Saturday, September 10, 2011

A union strike gone wrong

Odd isn't it. That the day after union boss Jimmy Hoffa Jr. declared that it was time to take "the son of a bithces out," that longshoremen showed up in Washington state and did something curiously similar.
After a union wildcat strike turned violent on Thursday, triggering a walkout at five ports in Washington state, longshoremen went back to work on Friday. But in an unusual twist, the National Labor Relations Board succeeded in getting a federal judge to issue a preliminary injunction Thursday against further union activity at the Port of Longview after the union ignored the temporary restraining order that he issued a week earlier.

The agency will hold a hearing next month to determine whether further restrictions are warranted. NLRB spokeswoman Nancy Cleeland said it was not common for the agency to take action against unions. "In those cases where we do to court, the majority of petitions are against employers, but that simply reflects our cases," she told FoxNews.com.

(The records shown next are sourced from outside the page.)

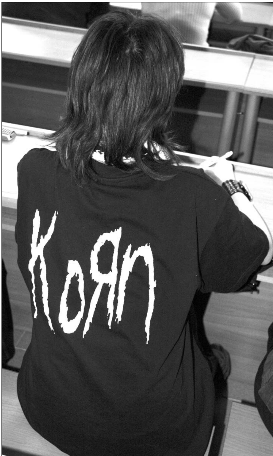
Будущим журналистам со студенческой скамьи приходится думать: как не навредить аудитории?

На лекциях и семинарах по основам творческой деятельности журналиста, основам журналистики мы часто обсуждаем болезненные вопросы развития нынешних СМИ. Говорим о насилии, демонстрируемом в телэфире в самое разное время суток, о языковой агрессии (нецензурной, бранной лексике, оскорблениях). А почему именно это становится темой обсуждения? Это ли главная проблема?
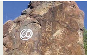
3 "Signo Escudo"
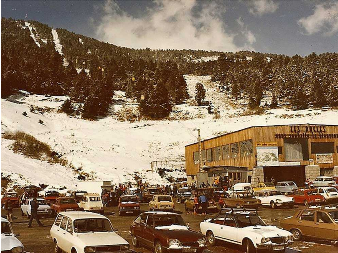
Els Angles als anys 70 (Foto: autor desconegut - Obtinguda del magazine Boudou).

El 1975 es posa en marxa el primer centre de vacances "Manéou".
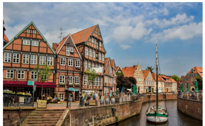
Vieille ville de Stade
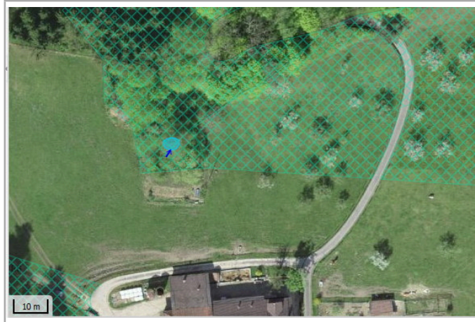
Kantonales Gewässernetz 1996 Kommunale Naturschutzzone (Überlagern / Grundnutzung) Inventar der kantonal geschützten Naturobjekte Plangrundlagen: GIS-Fachstelle BL
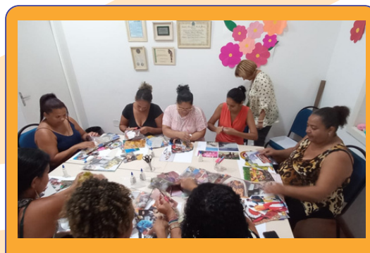
As famílias em ação na Arteterapia.
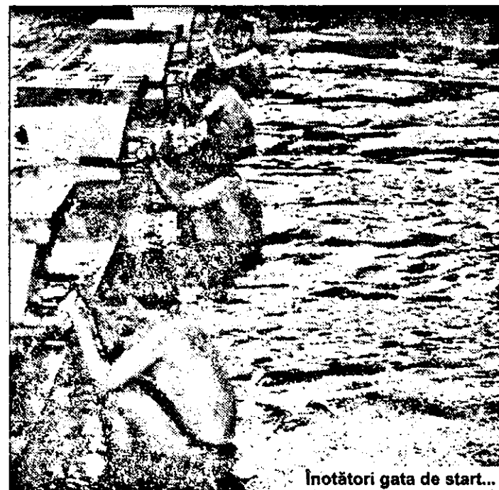
Înotători gata de start...
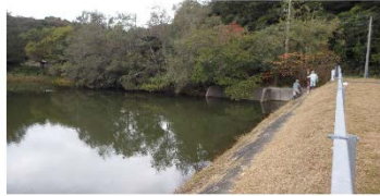
No. 1 堤体の上流側 ファイル名: 2344600311311121-02.JPG
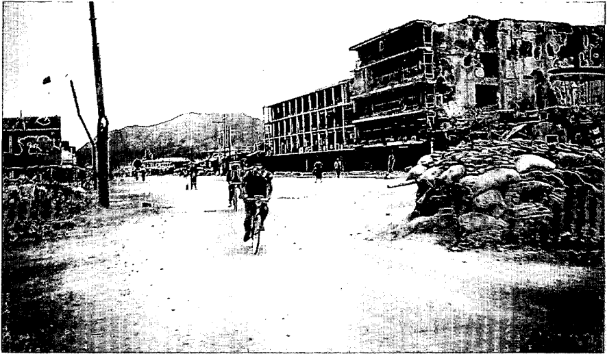
戦乱で荒廃するカーブル市内
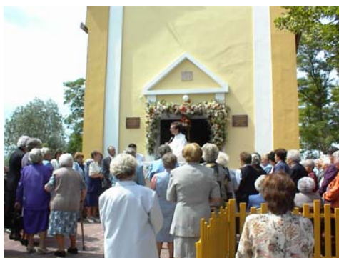
Júniusban fejeződött be a Szent Antal kápolna felújítása
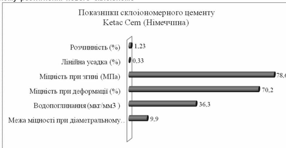
Рис. 1. Фізико-механічні властивості склоіономерного цементу «Ketac Cem» (Німеччина)

цементу для постійної фіксації не має достовірної відмінності в порівнянні з його закордонними аналогами ( p > 0,05 ) (рис. 1).

"The majority of charges filed with the NLRB are against employers." On Thursday, hundreds of International Longshore and Warehouse Union members (ILWU) stormed a new grain terminal at the Port of Longview that they are battling for the right to work at. They overwhelmed guards, smashed windows in the guard shack and dumped grain. Six guards were trapped for a couple of hours, Longview Police Chief Jim Duscha said.

He initially referred to the guards as "hostages," but later retracted that after the guards clarified no one had threatened them. "The guards absolutely could not get out," Duscha said. "They feared for their lives because of the size of the crowd and the hostility of the crowd."
Calling it a wildcat strike and the National Labor Relations Board interest aside, the reality is what it is. A bunch of union thugs showed up and destroyed property and literally held people hostage and not a damn thing was done about it bt law enforcement and nothing apparently will be done. Welcome to the real world of union thuggery and those who preach it.